Dear Fairy Godmother -
Hey, what’s up? It’s Anne. You know, that godchild that you have been ignoring for my twenty-four years of life. Frankly I’m getting sick of your abandonment and lack of action in my life. I think I’m developing some sort of abandonment issues in regards to you and when my parents pay for the first of five promised therapists in life don’t think your name won’t come up. Don’t give me the excuse of the fact I already have two godmothers so “can’t possibly have room for more.” Yes, while my godmothers are amazing people they lack one thing which you can provide: magic.
Before you fly off in a rage of glitter and sparkles, or whatever magical elements you use when mad, I don’t mean to exploit you but seriously? A little help in life would be awesome.
For one, Cinderella’s fairy godmother “pimped her ride” and got her a gown for the ball and magic carriage to ride off and meet her prince. True, I don’t need to find a prince but a wardrobe and nice ride would be amazing. I do adore my car but the payments? Those frankly suck and I think you could leverage your power to my advantage. Also, have you seen my appearance lately?
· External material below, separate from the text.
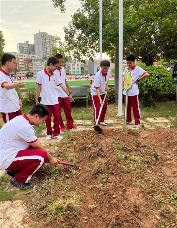 新学期,福州屏东中学开展了校园小园林小景观设计与试验实践活动。师生们在实践中愉快探讨实现校园小园林小景观的基本方案;从土壤、温度、空气等角度探究花卉生长的最基本条件;了解三角梅、菊花、茉莉花、广玉兰等福建省常见花卉的生长习性,最后,同学们商定以三角梅为主苗木,爬藤后再进行挂藤类的瓜果种植。

It’s not that I can’t dress up it is more to the fact I am lazy. Yes, lazy. When I roll out of bed in the morning I’m typically happy with myself if I manage not to run into walls or spill cereal on myself, so last thing on my mind is make up, beautiful ball gowns, and whatever girly girls do.
Perhaps, fairy godmother, you forsake me since I have a boyfriend and thus lose the rights to have your help. What about those years of singledom? Where were you then? Sure, I have Mack now but, you know, you could have sped up the process. I appreciate the good thing that I have but you’re a slacker and I’m sick of making excuses for you.
“Anne, you’re such a selfish girl!” you could argue and aren’t, ultimately, we all selfishly wanting a fairy godmother? Someone to swoop in and fix all our problems magically and have a happily ever after? I think I doubt your existence, fairy godmother, since there are no such things as magic and fairy dust or whatever historical writers wrote about you. If there was with a swoosh of a magic wand those student loans would vanish and last I checked, they’re still there.
Fairy godmother, I’m over you and waiting. I think us females are sick of sitting around waiting for you to take action. I will rally a cry of “Ladies! Let us not sit around waiting for a Prince Charming to find us and all our problems to be fixed! Let us take charge and do it OURSELVES!” and let the masses stand strong, independent women who don’t believe in magic and believe in the power of here, now, and empowerment.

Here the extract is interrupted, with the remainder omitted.